According to the Cambridge Online Dictionary, ‘a person’s first language is the language they learn from their parents as they are growing up.’ Well I grew up speaking French and Kinyarwanda*, but I don’t think in French or Kinyarwanda nor can I communicate as freely and confidently in either of the languages without casually injecting some English words in my sentences. Because of my Bachelor’s degree in French, my reading and writing skills in the language are better than my speaking skills. However, with Kinyarwanda, even though I can read and write it with some level of confidence, if you were to give me a children’s story book written in Kinyarwanda, I would struggle to make sense of the words and sentences I did not use on a day to day basis. In the end I am forced to write English, even though it was the fourth language I learned to speak after French, Kinyarwanda and Shona*.

For some years I was ashamed to tell people I was Rwandan because most of the times, they would ask me if I was born there to which I would shake my head and walk away before anyone asked me anything else. I remember a few years ago, when I revealed to a group of Rwandan peers that I was born in Belgium, one of them let out a chortle and said, ‘uyu numuzungu, ntag’aruw’iwacu!’ or in English, ‘this one is a white girl, she doesn’t belong to us.’ Although I laughed it off, inside I was hurting because something as simple as my place of birth made me an outsider. I did not choose where I was born; surely how I identified myself was more important?

Many of us struggle with our cultural identities. Our skin colour, surnames and the food we eat at home tells may tell us we are African, but our environment, our thought processes, our education, social status and social networks tells us otherwise.  Most people in my generation were either born outside the continent, or left the continent before the age of five and have not gone back ever since. Those who eventually go back are treated like outsiders and traitors; but the same people feel inclined to say hello when they walk past another African in the supermarket,  their faces light up when they hear two people having a rude conversation in an African language on a packed train thinking no one else understands. Everyone should be given the space and freedom to appreciate and celebrate their African Orijin. Identity is not limited to a dictionary definition.

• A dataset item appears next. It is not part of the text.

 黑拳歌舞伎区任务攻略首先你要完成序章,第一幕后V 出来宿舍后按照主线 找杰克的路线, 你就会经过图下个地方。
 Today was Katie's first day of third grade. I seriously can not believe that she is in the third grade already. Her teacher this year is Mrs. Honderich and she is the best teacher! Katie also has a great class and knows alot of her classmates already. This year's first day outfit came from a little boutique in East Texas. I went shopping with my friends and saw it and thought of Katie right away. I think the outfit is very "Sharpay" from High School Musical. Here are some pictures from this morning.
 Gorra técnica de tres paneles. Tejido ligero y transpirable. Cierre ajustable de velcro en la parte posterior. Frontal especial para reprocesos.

Today I am grateful for my multiple identities, I am able to relate to a wider group of people because of all the countries I have been in, and all the languages I can communicate with. I do not own a single document that clearly states that I am a Rwandan, but to me documents are just pieces of paper to let the country you are in know that you are there and can be identified one way or another.

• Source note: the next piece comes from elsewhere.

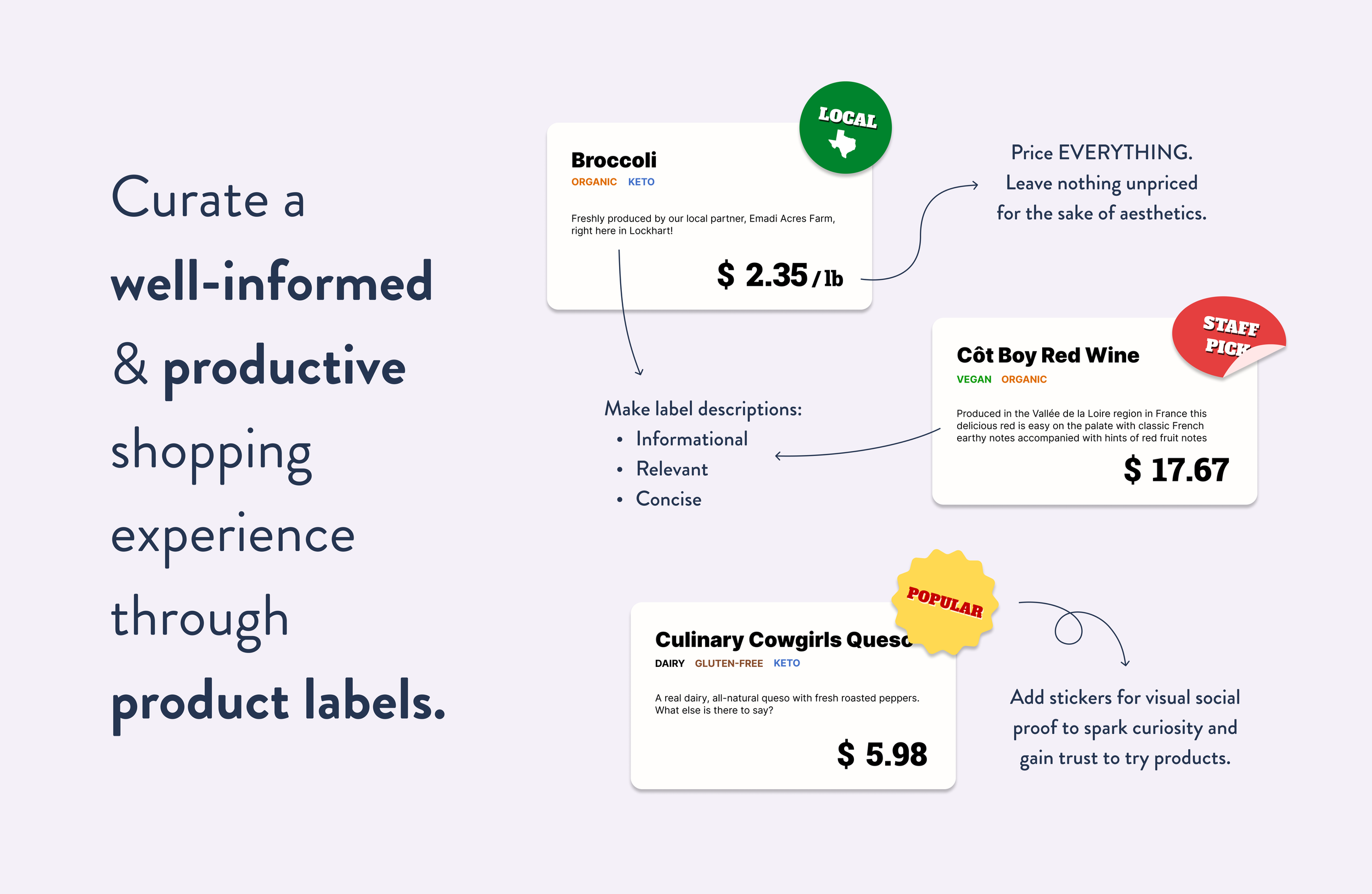 After we were led to our solution through research and ideation, I designed 3 product labels from products found at GTG that provided our stakeholders with a clear guide to create their own product labels.

I am not Rwandan because I speak the language, nor is it because I have a Rwandan surname and because my parents were born there. I am a Rwandan because in my heart that is who I am. I don’t know my country like most folk do, but the little I remember I cherish it with my whole heart. The long dusty trips to the countryside to visit my grandparents during the Christmas break; playing on the swings with my sisters in the garden at Hotel Baobab; sunny afternoons on the porch, a Fanta Tropicale in one hand and a sweet and squidgy mandazi in the other; crowded pulpits at Cathédrale Saint Michel in downtown Kigali on a Sunday. The memories are old but special to me, they are comforting and they reassure me that no matter how far away I am – home will always be where the heart is. I have been in the UK for a long time so I consider it to be my home, but my real home is where my heart belongs. To mirror Barry White’s words to his lover, Rwanda is my first, my last, my everything!

For all of you who think I am a fake Rwandan, keep hating because I am happy just the way I am. A PROUD RWANDAN WOMAN!

Kinyarwanda (also sometimes known as RwandaRuanda or Rwandan), is a Bantu language spoken by some 12 million people in Rwanda, where it is the official language.

*Shona (or chiShona) is a Bantu language, native to the Shona people of Zimbabwe.